Pretty in Pink

Pretty in Pink is a series of life-size 3D-printed sculptures exploring the digital objectification of female bodies. Using manipulated porn-model thumbnails transformed into physical forms, the work confronts desire, violence, and commodification.

“Pretty in Pink” is a series of image-based, life-size 3D-printed sculptures that explore the digital objectification of the female body and the embedded codes of desire and violence they carry. Rooted in my background in architecture and 3D visualisation, and developed during my Master's in Photography at ÉCAL, the project investigates what happens when synthetic bodies are brought into physical confrontation with the viewer.

The process begins with 2D thumbnails of 3D models: idealised nude female bodies created for the digital pornography industry. These hyper-polished figures circulate online as infinitely consumable commodities, designed largely by male 3D modellers. I appropriate these images as raw material. In Photoshop, I manipulate them in grayscale, painting artificial light and shadow to generate sculptural volume. I stretch, compress, and deform intimate zones, introducing tension and visual aggression. These altered images become depth maps, translated into three-dimensional data and printed on my own machines, layer by layer.

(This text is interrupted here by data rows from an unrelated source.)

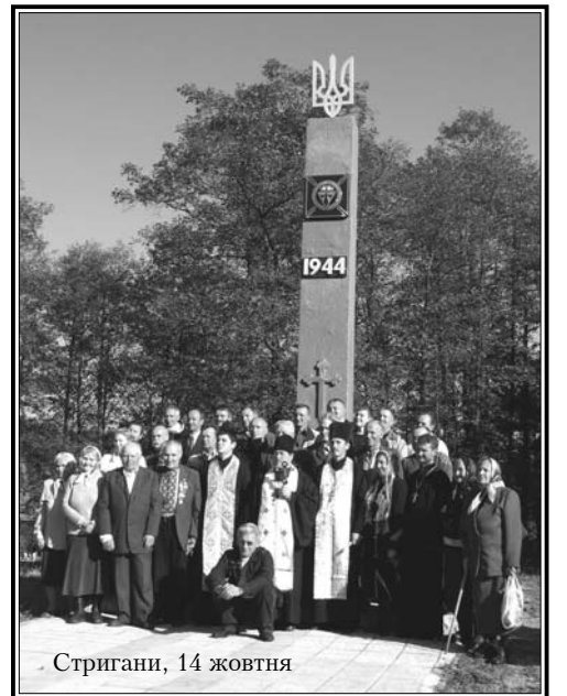
Стригани, 14 жовтня
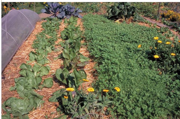
32 - Couvrez la terre avec des engrais verts
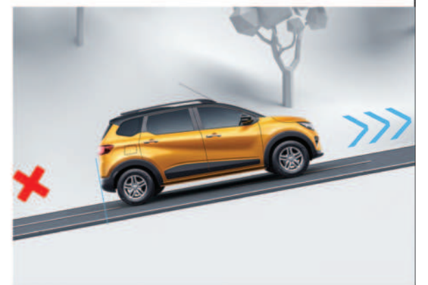
హిల్ స్టార్ట్ అసిస్ట్ (HSA)

for a test drive, call on 1800 315 4444. select variants available in CSD. special offers for defence personnel, government, PSU and corporate employees. for bulk enquiries, contact corpsales@renault.com for further details, connect on www.renault.co.in
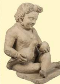
M. G. Calandrone, Splendi come vita , Ponte alle Grazie - Sala 5, Vulci
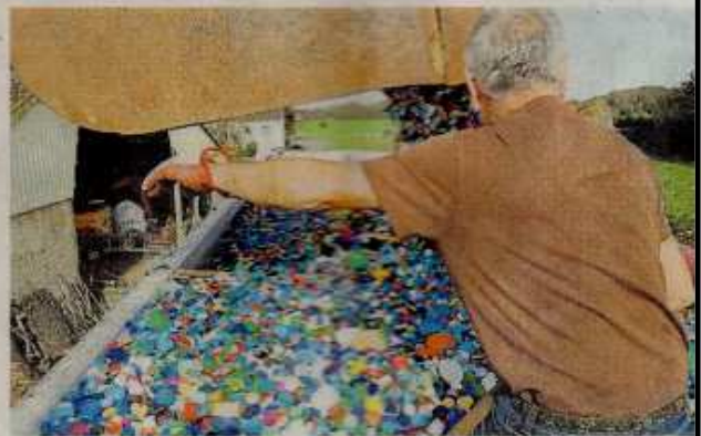
L'association Handi'namique collecte près de dix tonnes de bouchons chaque année.
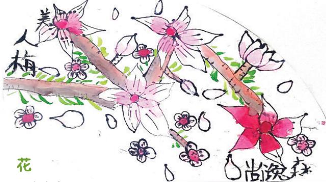
花 ●尚逸森 jy2504122 解东一小二(2)班(指导老师:王海玲)
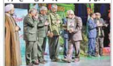
تجلیل از خانواده ۳۱ شهید قرآنی مدافع حرم
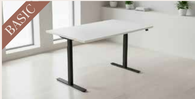
Hæve sænkebord 120x80 DKK 145,-

Vores BASIC hæve sænkeborde er udført med en flot og robust laminat bordplade med faset kant og elektrisk hæve/sænke stel i pulverlakeret stål.
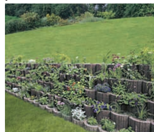
Elemente decorative pentru spații verzi în parcuri: Jardinieră de grădină (gri, maro)
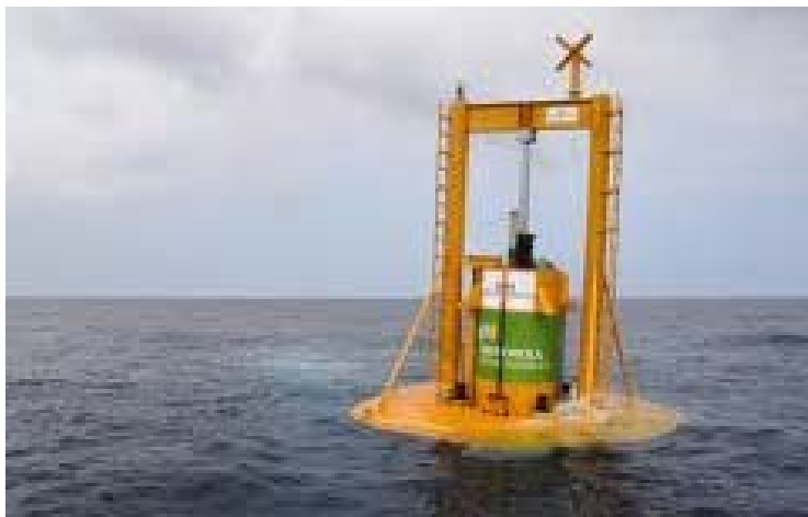
Figura 4: Dispositivo oscilante, tipo absorbedor puntual. (Santoña, Cantabria)

El principio de funcionamiento de los dispositivos convertidores de energía potencial consiste en recoger el agua de las olas incidentes para mover una o varias turbinas hidráulicas de salto reducido, y aprovechar así la energía potencial de las olas para convertirla posteriormente en energía eléctrica. Un ejemplo de este tipo de dispositivo es el Wavedragon (Figura 5) que se caracteriza por tener un reflector que dirige las olas incidentes hacia una rampa hasta un depósito situado a un nivel superior al del mar.

This hybrid workflow, bridging image editing, algorithmic modelling, and sculpture, pushes the boundaries of what an image can become. Digital tools are not used to perfect or beautify form, but to reveal the mechanisms of control embedded within it. The resulting sculptures are glossy pink, monumental, and ambiguous columns that cannot be consumed in a single glance; they must be circled, approached, and negotiated.

Face-to-face with these objects, the viewer encounters a body that resists passive consumption. What was once optimised for the screen becomes heavy, opaque, and spatial. The work stages a reversal of the digital gaze: instead of offering access, it produces distance and unease. The sculptures stand as anti-monuments to desire, simultaneously seductive and hostile.

By repeating and distorting archetypal female forms—echoes of Botticelli’s Venus or Canova’s Three Graces—the project reveals how contemporary digital bodies extend long historical systems of representation. The female figure has been endlessly re-rendered across centuries: painted, sculpted, photographed, pixelated. "Pretty in Pink" exposes this loop and interrupts it. The ornamental softness of pink becomes a trap; beauty becomes surface tension. What was once endlessly consumable becomes disruptive and threatening.

The work critically engages with the technological infrastructures that shape contemporary desire. 3D modelling software, developed for entertainment and pornography, is repurposed to expose its embedded biases.

“Pretty in Pink” insists on confrontation. What does it mean to stand face-to-face with an image that refuses to flatter us? How do we relate to bodies that are simultaneously artificial and hyper-real? Can the tools that produce objectification also generate resistance? The project uses the language of digital desire to interrupt systems of power and expose their violence, confronting how women’s bodies are endlessly commodified in digital culture while experimenting with how digital practices might be reimagined to foster resilience and new forms of critical confrontation.